◆ **YOUR INSTRUCTIONS**
Retype every line of the data below, starting with the first and ending with the line that contains "여유 로운 핏에 허리 스트링으로 핏 조절이 가능한 덕 다운재킷입니다.", but leave out the pictures.

◆ **DATA PROVIDED**

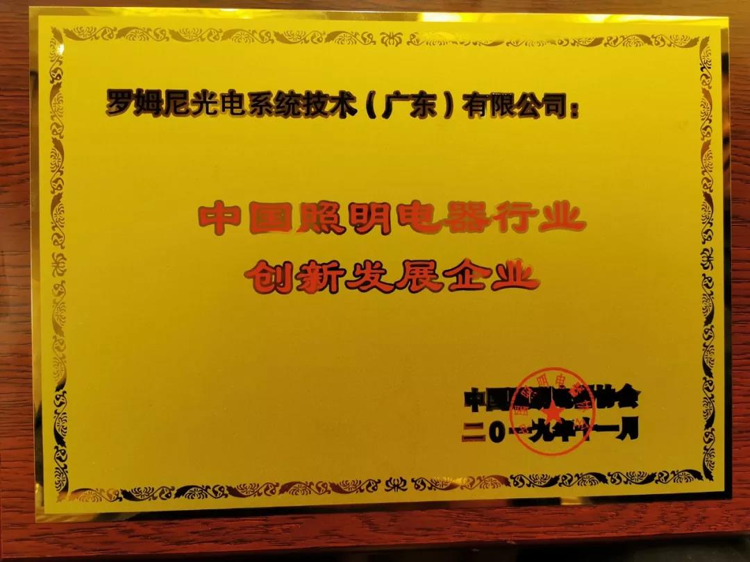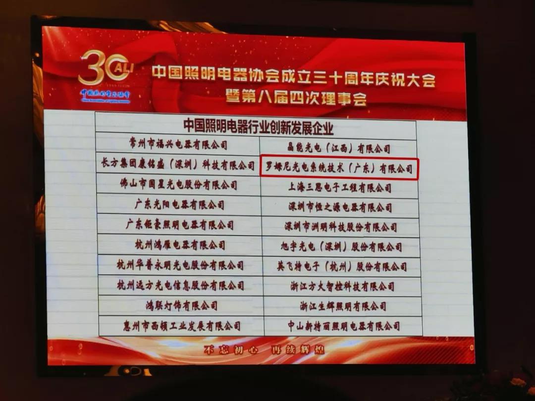 大会总结了我国照明电器行业三十年来取得的成就,展现了改革开放以来我国照明电器行业的发展风貌,对181家行业优秀集体和92名行业先进个人进行了表彰。其中ROMNEY罗姆尼荣获“中国照明电器行业创新发展企业”称号。
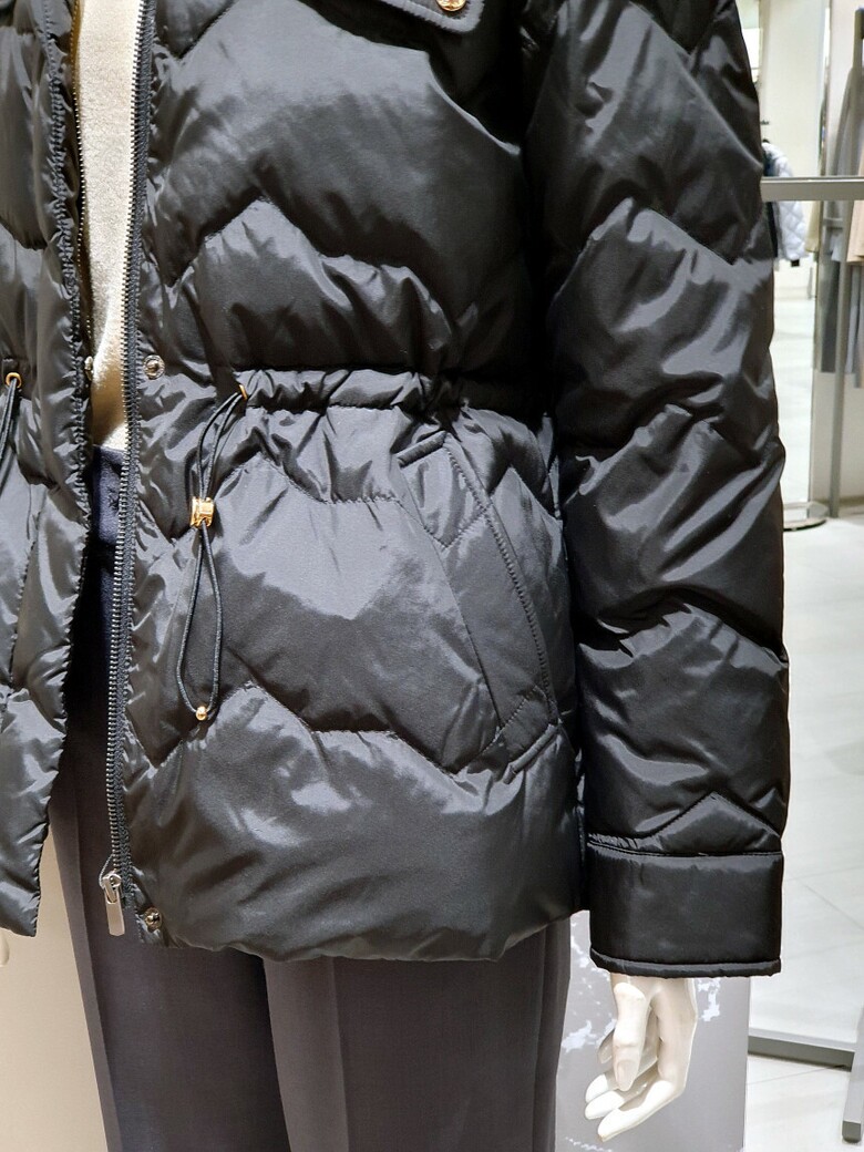 여유 로운 핏에 허리 스트링으로 핏 조절이 가능한 덕 다운재킷입니다.
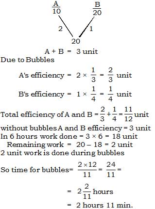 Pipe A and B can fill a tank in 10 hours and 20 hours respectively. Today morning, as soon as the pipes were opened, air bubbles generated in both the pipe due to which pipe A could work with only 1/3  of its capacity and pipe B could work with  1/4  of its capacity. After sometime, the bubbles in both pipes burst and then the tank could be filled in 6 hours. For how much time were the air bubbles present in the pipes ?

◆ **EXERCISE ANSWER**
 大会总结了我国照明电器行业三十年来取得的成就,展现了改革开放以来我国照明电器行业的发展风貌,对181家行业优秀集体和92名行业先进个人进行了表彰。其中ROMNEY罗姆尼荣获“中国照明电器行业创新发展企业”称号。
 여유 로운 핏에 허리 스트링으로 핏 조절이 가능한 덕 다운재킷입니다.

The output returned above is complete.